SUPPLIED MATERIAL:
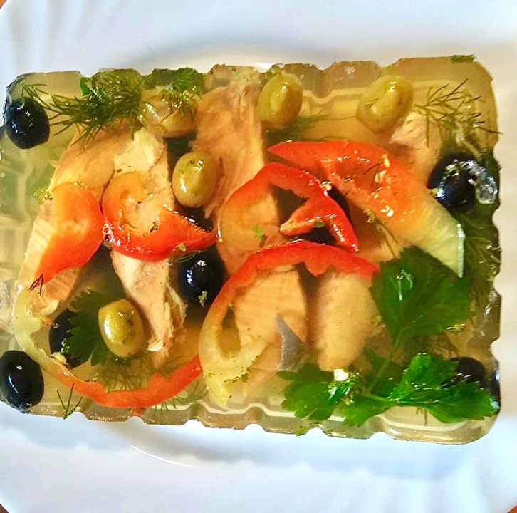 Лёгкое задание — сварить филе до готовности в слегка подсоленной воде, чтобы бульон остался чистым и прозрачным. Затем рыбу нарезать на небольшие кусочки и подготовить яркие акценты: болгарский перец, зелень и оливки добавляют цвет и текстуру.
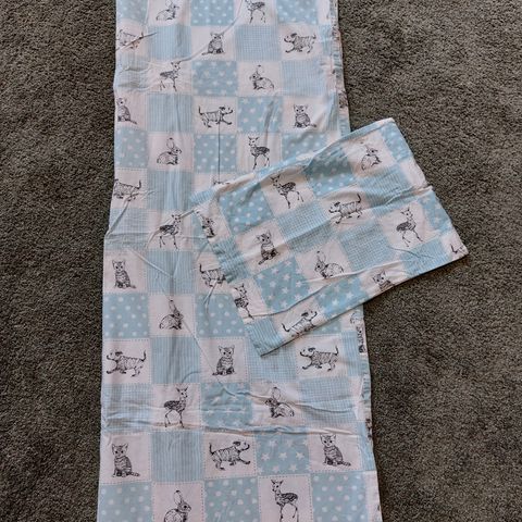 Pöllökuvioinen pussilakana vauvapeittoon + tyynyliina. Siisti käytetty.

---

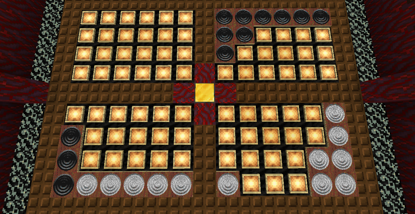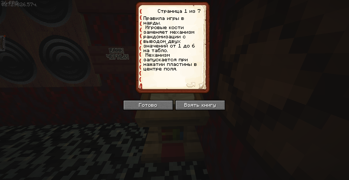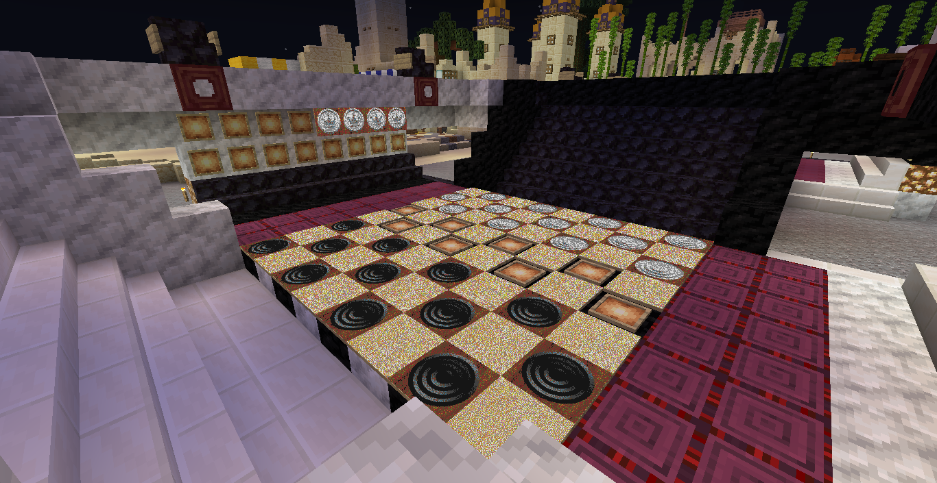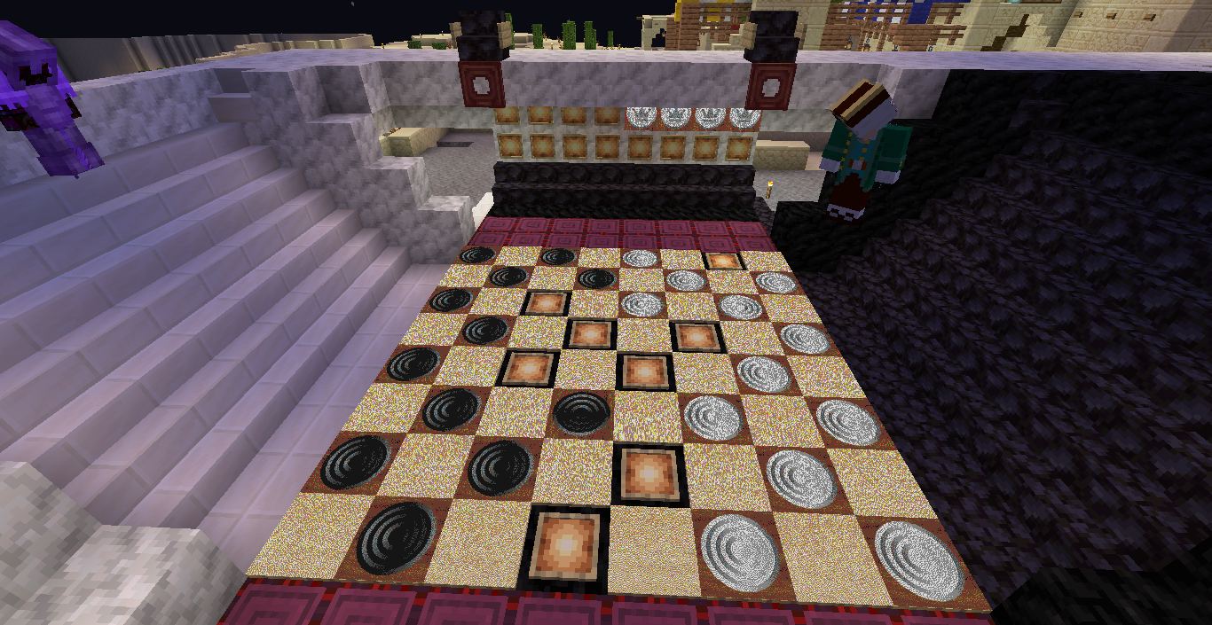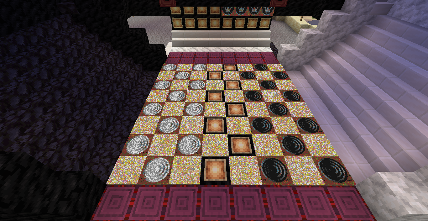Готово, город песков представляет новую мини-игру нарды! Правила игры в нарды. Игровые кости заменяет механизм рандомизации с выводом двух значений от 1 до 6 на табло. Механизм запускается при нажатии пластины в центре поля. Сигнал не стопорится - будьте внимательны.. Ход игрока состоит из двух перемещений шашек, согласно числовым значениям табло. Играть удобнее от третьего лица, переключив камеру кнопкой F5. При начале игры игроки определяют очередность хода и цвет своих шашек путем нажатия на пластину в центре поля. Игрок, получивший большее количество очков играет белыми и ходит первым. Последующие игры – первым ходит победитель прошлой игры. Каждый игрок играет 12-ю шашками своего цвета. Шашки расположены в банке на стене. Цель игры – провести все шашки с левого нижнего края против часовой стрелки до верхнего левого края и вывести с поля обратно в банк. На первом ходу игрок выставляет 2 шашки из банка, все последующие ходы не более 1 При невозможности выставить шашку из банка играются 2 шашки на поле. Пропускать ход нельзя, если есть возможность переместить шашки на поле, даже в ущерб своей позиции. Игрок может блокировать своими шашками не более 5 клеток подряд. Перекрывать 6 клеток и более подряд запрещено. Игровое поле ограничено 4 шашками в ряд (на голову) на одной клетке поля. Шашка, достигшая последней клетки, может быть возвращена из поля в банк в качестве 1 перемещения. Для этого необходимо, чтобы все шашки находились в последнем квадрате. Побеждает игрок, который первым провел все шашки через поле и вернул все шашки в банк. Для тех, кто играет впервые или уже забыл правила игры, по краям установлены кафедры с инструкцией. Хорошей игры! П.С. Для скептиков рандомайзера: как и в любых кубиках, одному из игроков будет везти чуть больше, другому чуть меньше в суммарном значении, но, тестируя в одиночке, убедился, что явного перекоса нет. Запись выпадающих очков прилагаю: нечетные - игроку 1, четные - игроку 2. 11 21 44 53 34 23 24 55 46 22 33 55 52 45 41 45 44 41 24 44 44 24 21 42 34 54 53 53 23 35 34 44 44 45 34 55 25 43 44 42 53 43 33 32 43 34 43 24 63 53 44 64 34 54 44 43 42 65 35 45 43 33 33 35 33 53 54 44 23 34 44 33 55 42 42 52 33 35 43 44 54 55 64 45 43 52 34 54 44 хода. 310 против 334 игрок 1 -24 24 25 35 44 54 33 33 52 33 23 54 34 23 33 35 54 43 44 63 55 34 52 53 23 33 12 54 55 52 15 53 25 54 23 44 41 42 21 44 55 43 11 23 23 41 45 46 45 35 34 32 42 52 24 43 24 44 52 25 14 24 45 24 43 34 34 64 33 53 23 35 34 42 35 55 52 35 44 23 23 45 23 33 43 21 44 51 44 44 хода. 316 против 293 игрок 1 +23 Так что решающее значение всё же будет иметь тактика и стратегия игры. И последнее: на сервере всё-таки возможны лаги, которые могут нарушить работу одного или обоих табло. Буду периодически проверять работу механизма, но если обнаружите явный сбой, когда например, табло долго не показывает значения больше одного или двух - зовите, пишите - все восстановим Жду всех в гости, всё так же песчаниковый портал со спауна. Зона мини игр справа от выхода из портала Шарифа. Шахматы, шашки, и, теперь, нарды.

---

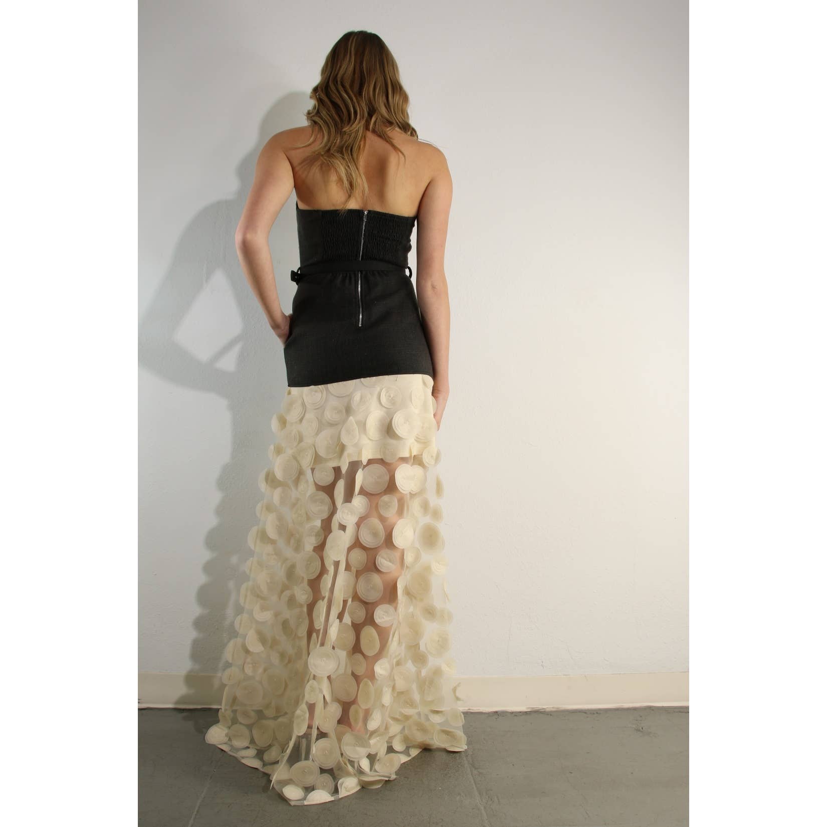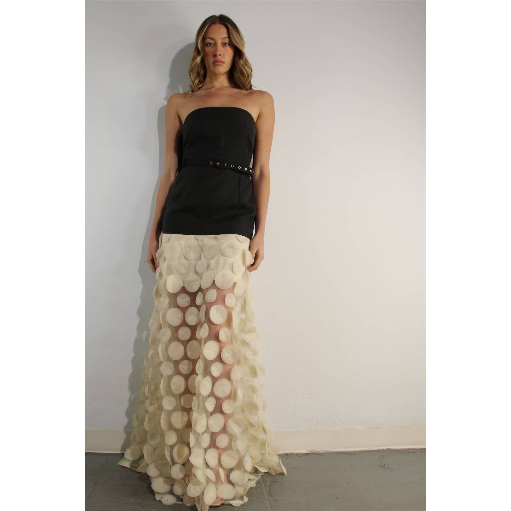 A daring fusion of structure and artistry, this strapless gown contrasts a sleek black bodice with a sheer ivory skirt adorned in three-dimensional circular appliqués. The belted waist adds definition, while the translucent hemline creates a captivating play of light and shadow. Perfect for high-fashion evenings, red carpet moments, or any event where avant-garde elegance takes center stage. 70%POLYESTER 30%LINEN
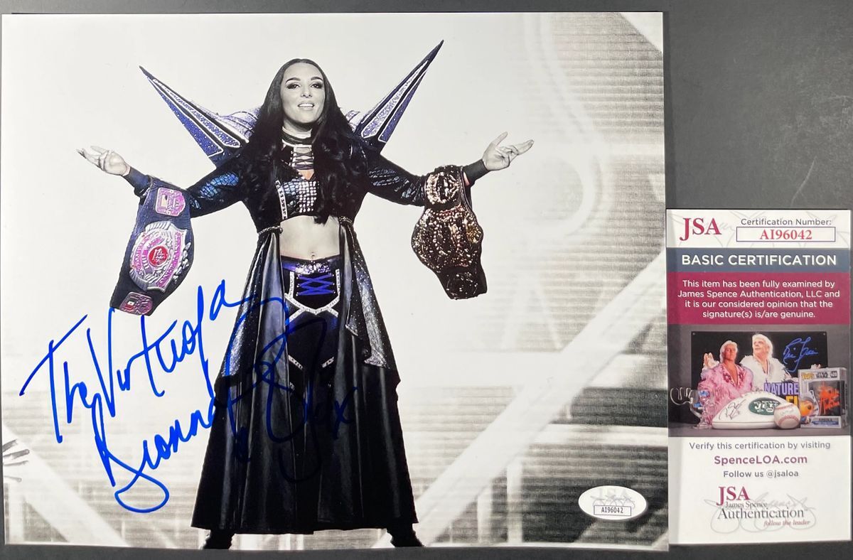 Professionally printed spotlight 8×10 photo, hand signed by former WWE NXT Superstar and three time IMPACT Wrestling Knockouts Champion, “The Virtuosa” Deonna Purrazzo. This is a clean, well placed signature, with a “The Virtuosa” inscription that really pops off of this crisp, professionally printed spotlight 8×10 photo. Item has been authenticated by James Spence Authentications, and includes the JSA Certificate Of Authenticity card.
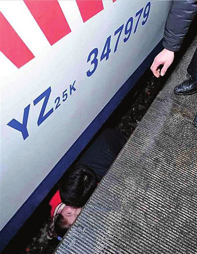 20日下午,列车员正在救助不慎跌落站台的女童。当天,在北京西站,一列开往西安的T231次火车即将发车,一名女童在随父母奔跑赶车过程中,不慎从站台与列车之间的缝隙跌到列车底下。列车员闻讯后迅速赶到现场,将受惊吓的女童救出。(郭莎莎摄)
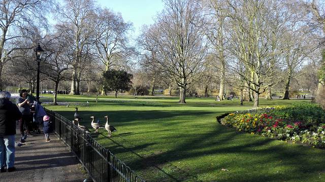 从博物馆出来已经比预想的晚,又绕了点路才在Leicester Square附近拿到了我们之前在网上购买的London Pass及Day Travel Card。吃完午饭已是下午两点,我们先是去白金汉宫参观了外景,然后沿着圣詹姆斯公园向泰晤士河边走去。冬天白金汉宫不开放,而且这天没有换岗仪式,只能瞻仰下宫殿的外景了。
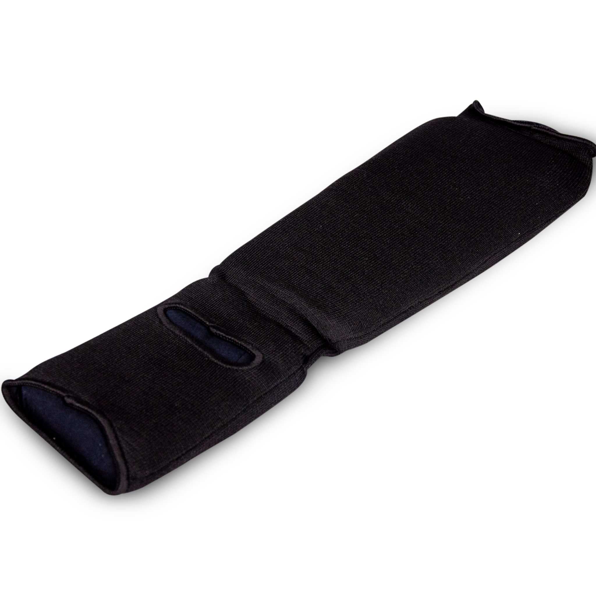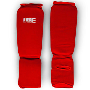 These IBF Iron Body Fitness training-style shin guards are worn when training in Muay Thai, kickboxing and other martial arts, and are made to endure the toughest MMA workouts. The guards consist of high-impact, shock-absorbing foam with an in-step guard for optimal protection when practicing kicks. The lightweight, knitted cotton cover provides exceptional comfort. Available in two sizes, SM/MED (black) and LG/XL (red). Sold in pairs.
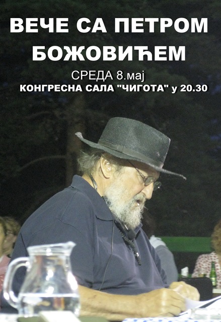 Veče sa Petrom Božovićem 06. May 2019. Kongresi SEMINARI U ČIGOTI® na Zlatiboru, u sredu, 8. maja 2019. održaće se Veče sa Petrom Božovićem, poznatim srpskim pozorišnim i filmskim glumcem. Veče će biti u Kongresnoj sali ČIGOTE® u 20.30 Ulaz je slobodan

INSTRUCTIONS TO FOLLOW: Return only the part above that opens with the line containing "20日下午,列车员正在救助不" and closes with the line containing "Veče sa Petrom Božovićem 06.", exactly and with both ends, skipping the pictures.

ANSWER FOR THE TASK:
 20日下午,列车员正在救助不慎跌落站台的女童。当天,在北京西站,一列开往西安的T231次火车即将发车,一名女童在随父母奔跑赶车过程中,不慎从站台与列车之间的缝隙跌到列车底下。列车员闻讯后迅速赶到现场,将受惊吓的女童救出。(郭莎莎摄)
 从博物馆出来已经比预想的晚,又绕了点路才在Leicester Square附近拿到了我们之前在网上购买的London Pass及Day Travel Card。吃完午饭已是下午两点,我们先是去白金汉宫参观了外景,然后沿着圣詹姆斯公园向泰晤士河边走去。冬天白金汉宫不开放,而且这天没有换岗仪式,只能瞻仰下宫殿的外景了。
 These IBF Iron Body Fitness training-style shin guards are worn when training in Muay Thai, kickboxing and other martial arts, and are made to endure the toughest MMA workouts. The guards consist of high-impact, shock-absorbing foam with an in-step guard for optimal protection when practicing kicks. The lightweight, knitted cotton cover provides exceptional comfort. Available in two sizes, SM/MED (black) and LG/XL (red). Sold in pairs.
 Veče sa Petrom Božovićem 06. May 2019. Kongresi SEMINARI U ČIGOTI® na Zlatiboru, u sredu, 8. maja 2019. održaće se Veče sa Petrom Božovićem, poznatim srpskim pozorišnim i filmskim glumcem. Veče će biti u Kongresnoj sali ČIGOTE® u 20.30 Ulaz je slobodan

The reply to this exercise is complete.